Both sides agreed to her requests. But as they were planning the next court hearing date, Mandell realized that Judge Howard wouldn’t have enough time to digest his filing that she would have justthree days before the next hearing on June 27.

They looked for a later date and when July 26 appeared as a possible date, Kennedy, Myles attorney who had been silent for most of the hearing, said this:

“Sorry judge, if I can just pipe in for just a moment. I just want to express my concern. This is getting continued months down the line. As I have stated to the court before, my client has been waiting for his day in court here for a very long time, over 20 years. And if we continue to push this back because Mr.
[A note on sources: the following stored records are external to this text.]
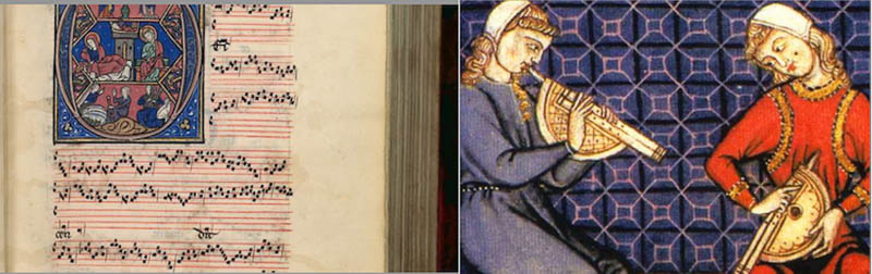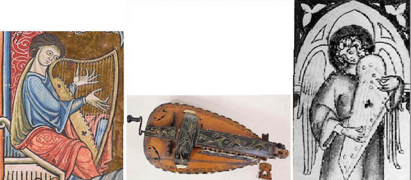 Mais ces instruments quels sont-ils ? Le violon pour commencer, celui du violoneux pas celui du « Paganinisme », l’instrument du Diable dira-t-on bien plus tard, et puis la harpe qui ressemblait davantage à la lyre de ce pauvre Orphée qu’au meuble encombrant, quoique splendide, des orchestres modernes, et puis la vielle à roue, cette machine tout à fait bizarre avec sa manivelle, son petit clavier et sa quantité innombrable de cordes dont certaines qualifiées de « sympathiques », c’est-à-dire qui entrent en résonance, et puis cette tablette de cordes qu’est le psaltérion ou cithare, rien à voir avec le sitar cette fragile guitare indienne qui à une certaine époque a tant fasciné la majorité des rockstars d’Occident, enfin la flûte, à bec ou traversière, un instrument antédiluvien s’il en est. Tout cet ensemble, « ensemble » ou partiellement, forme un voile de douceur, un filet de miel aurait avancé Hildegarde à propos des sonorités de la cithare, pour accueillir la voix délicate des femmes et recueillir l’émotion dévote des auditeurs immanquablement fidélisés. Voilà pour la forme !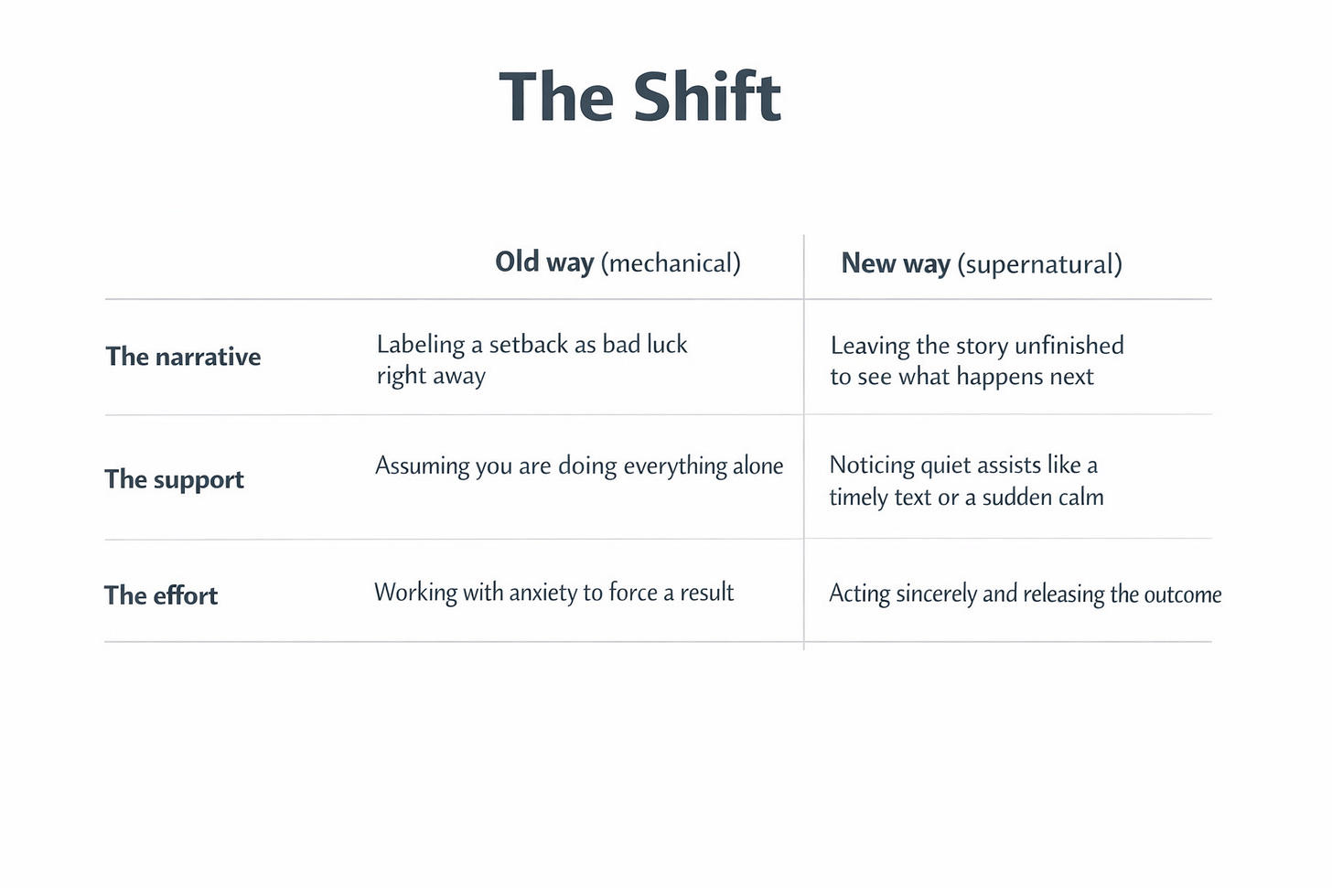 When something difficult or disappointing happens, our ego rushes to label it a tragedy or a nuisance. A miracle mindset keeps the experience open. It allows time for context to change and for a larger arc to reveal itself. This pause is where the supernatural has room to breathe. Next week, I’ll share with you a great story by Anthony De Mello that articulates this perfectly.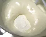 用手持搅拌器搅拌5~7分钟,直到打发。像打发鲜奶油一样,呈现白色、浓稠状。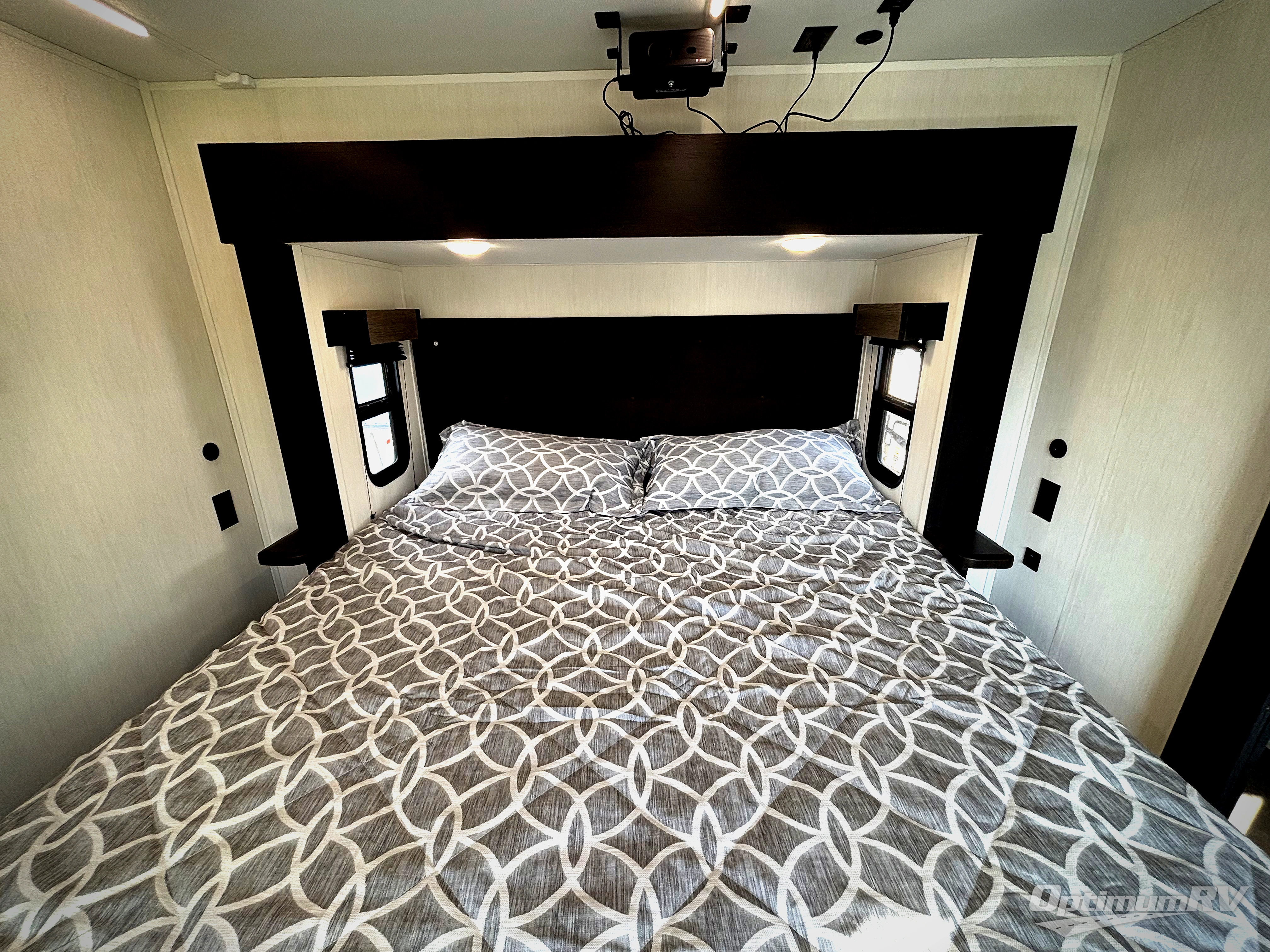 This thoughtfully arranged floorplan is built for extended stays and easy daily living. The rear lounge centers around an L-shaped sectional facing the entertainment wall and fireplace, with a nearby desk for work or hobbies. The kitchen’s island anchors a generous prep area, oversized pantry, and full cooking suite, so meals are simple whether you’re weekending or full-timing. Mid-coach, the guest half bath is convenient for all. Up front, the private bedroom’s king bed slide connects to a spa-style bath with large shower and dressing space, plus a substantial wardrobe to keep clutter out of sight. Outside, enjoy the campsite under dual power awnings that stretch along the patio side.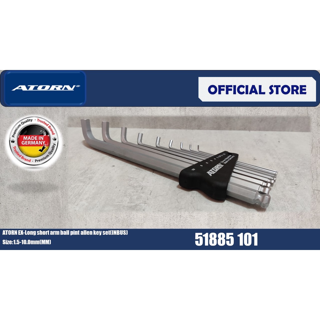 Atorn Germany 9pcs short arm ball point allen key nickle plated | Germany | PB Swiss | Bondhus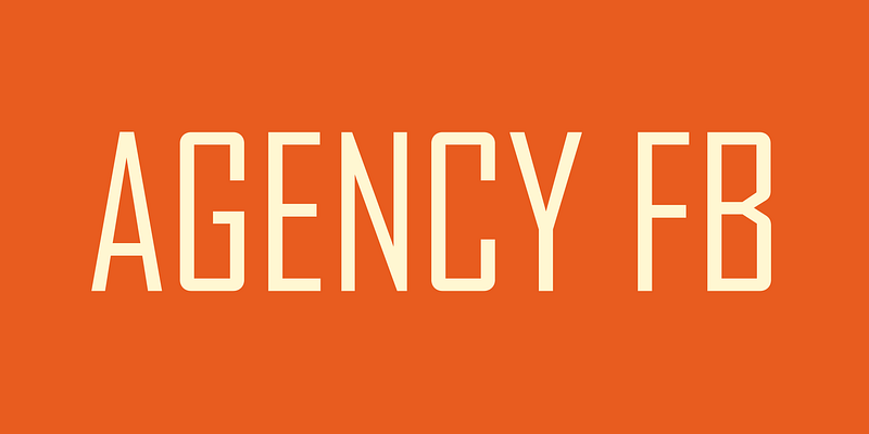 ATF Agency Gothic was designed by Morris Fuller Benton in 1932 as a lone titling typeface. In 1990, David Berlow saw potential in the squared forms of the narrow, monotone capitals. He designed a lowercase and added a bold to produce Font Bureau Agency, an immediately popular hit. Sensing its potential to be than just a useful condensed face, Font Bureau developed Agency into a major series offering five weights in five widths; FB 1990-95
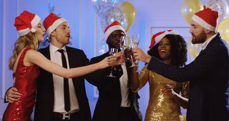Young multi ethnical friends in Santa Claus hats celebrating New Years Eve, having fun and clicking their glasses with Champagne at the New Years party. Indoors. Portrait shot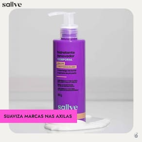 O Hidratante Renovador Corporal Sallve oferece uma ação super completa de cuidados. Ele esfolia e restaura sem ressecar, reduz e previne os pelos encravados, uniformiza o tom da pele, incluindo de regiões como axilas e virilha. Além disso, melhora a textura de áreas rugosas e ásperas, recuperando a sedosidade.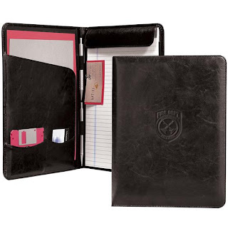 The interior of this classy, promotional padfolio reveals a multi-pocket organizer, includes an 8-1/2" x 11" writing pad and 2 pen loops. This 9-3/4"w x 12-1/2"h leather padfolio will exhibit your debossed logo attractively and provide a useful corporate amenity to the recipients of your gift.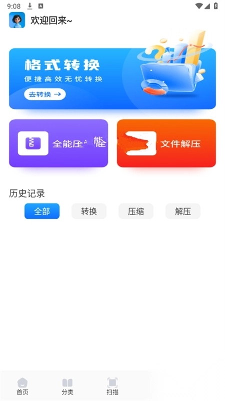 6、在文件页面,还提供了格式转换、压缩和解压等功能

Dombrowski hasn’t managed to get access to these materials yet, I just want to say we’re vehemently against it.”

When asked, Kennedy told Judge Howard that he and lead attorney Jennifer Bonjean are not interested in the unaired material because they believe they have enough exculpatory evidence for their case.

Judge Howard then scheduled August 29 for Myles third-stage evidentiary hearing where both sides plan to present witnesses during a three-day, in-person proceeding at the Leighton Criminal Courts building at 26th and California.

Myles has been waiting for this day since 2000, when an appeals court granted him an evidentiary hearing after he argued that he did not receive effective legal representation when he was convicted in 1996 of killing 16-year-old Shaharian “Tony” Brandon on the West Side.

The state’s main witness, 15-year-old Octavia Morris, during the three-day trial said Myles killed Brandon but years later she recanted, saying disgraced Chicago detective and five other officers pressured her into a false confession.

While incarcerated, Myles sought the hearing but a string of public defenders under Judge Dennis Porter racked up over 70 continuances.

In 2019, Judge Porter declined to give Myles an evidentiary hearing saying that his claims of ineffective counsel and other constitutional violations had no merit. A year later the appeals court reversed the ruling before Porter recused himself from the post-conviction case.

Judge William Raines, a former police officer from California took the case but was removed from the bench last December after a “hot mic” … live microphone … caught him making disparaging comments about Bonjean.

Myles’ case was then given to Judge Howard in January. At least eight court hearings have occurred under Howard as Myles continues to wait for his day in court.